I couldn’t have hoped for a better outcome during the race. I was easily able to consume 3 gels (90g) an hour, without any gastric problems. Moreover I felt I had so much energy on the run, and for the first time in an Ironman I did not lose more than 2kg and end up in the medical tent!
Changing up my nutrition to maltodextrin/fructose was a big win for me – I recommend trying it out.
Stuart Harsley
Pushys Sponsored Triathlete
Ironman U Certified Coach
References
Ironman University Nutrition recourses
Currell K,Jeukendrup AE. Superior endurance performance with ingestion of multiple transportable carbohydrates.Med Sci Sports Exerc. 2008 Feb;40(2):275-81.
Rowlands DS, Swift M, Ros M, Green JG. Composite versus single transportable carbohydrate solution enhances race and laboratory cycling performance.
Appl Physiol Nutr Metab. 2012 Jun;37(3):425-36. Epub 2012 Apr 3.
Triplett D, Doyle JA, Rupp JC, Benardot D. An isocaloric glucose-fructose beverage's effect on simulated 100-km cycling performance compared with a glucose-only beverage.
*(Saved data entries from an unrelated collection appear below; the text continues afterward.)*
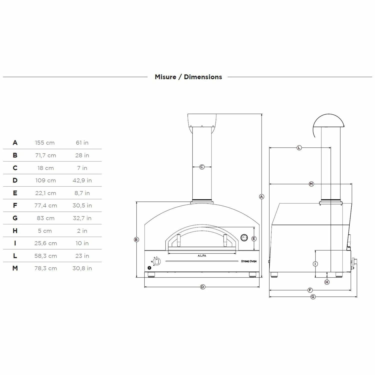 Alfa FXSTONE Stone Large 39-Inch Countertop Wood-Fired Pizza Oven provides a premium countertop wood-fired pizza oven that combines innovative design and superior craftsmanship. The Stone oven features a high-grade stainless steel dome surrounded by durable European ceramic fiber to create a heat resistant, heavy-duty cooking area while the cooking floor contains a thick 39-inch refractory fire brick cooking surface to offer unmatched heat retention inside your Alfa pizza oven – perfect not only for pizzas, but for bread, roasts, meat/fish/vegetables, cakes or whatever else you wish to bake. The included pyrometer helps track temperature in the oven’s chamber, allowing for more simple and direct control over your cooking environment. Bring the distinct taste of wood-fired pizza to your home and enhance your perfect outdoor kitchen with help from Alfa.
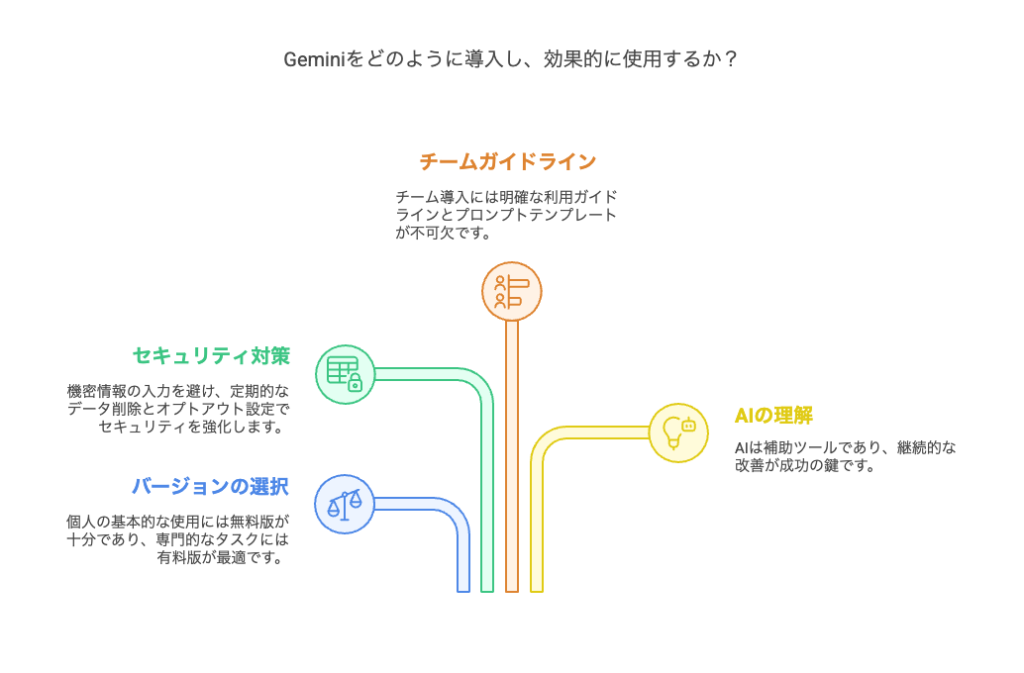 Geminiをチームで効果的に活用するためには、個人利用とは異なる運用ルールと設定が必要であり、組織的なアプローチによって業務品質の向上と効率化を両立させることができます。
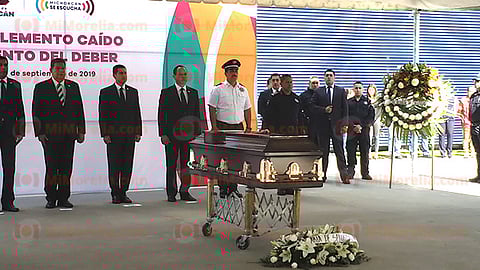 Morelia, Michoacán (MiMorelia/RED 113).- Este viernes el secretario de Seguridad Pública, Israel Patrón Reyes, encabezó un homenaje luctuoso para el policía caído en cumplimiento de su deber, Ediel Ríos Villaseñor, mismo que pereció el jueves pasado en una balacera contra gatilleros en la colonia Balcones del Quinceo que está en las cercanías del Estadio Morelos en esta capital, hecho en el que también pereció uno de los presuntos sicarios.

Int J Sport Nutr Exerc Metab. 2010 Apr;20(2):122-31.
Wallis GA, Rowlands DS, Shaw C, Jentjens RL, Jeukendrup AE. Oxidation of combined ingestion of maltodextrins and fructose during exercise. Med Sci Sports Exerc. 2005 Mar;37(3):426-32.
Wallis GA, Hulston CJ, Mann CH, Roper HP, Tipton KD, Jeukendrup AE. Postexercise muscle glycogen synthesis with combined glucose and fructose ingestion. Med Sci Sports Exerc. 2008 Oct;40(10):1789-94.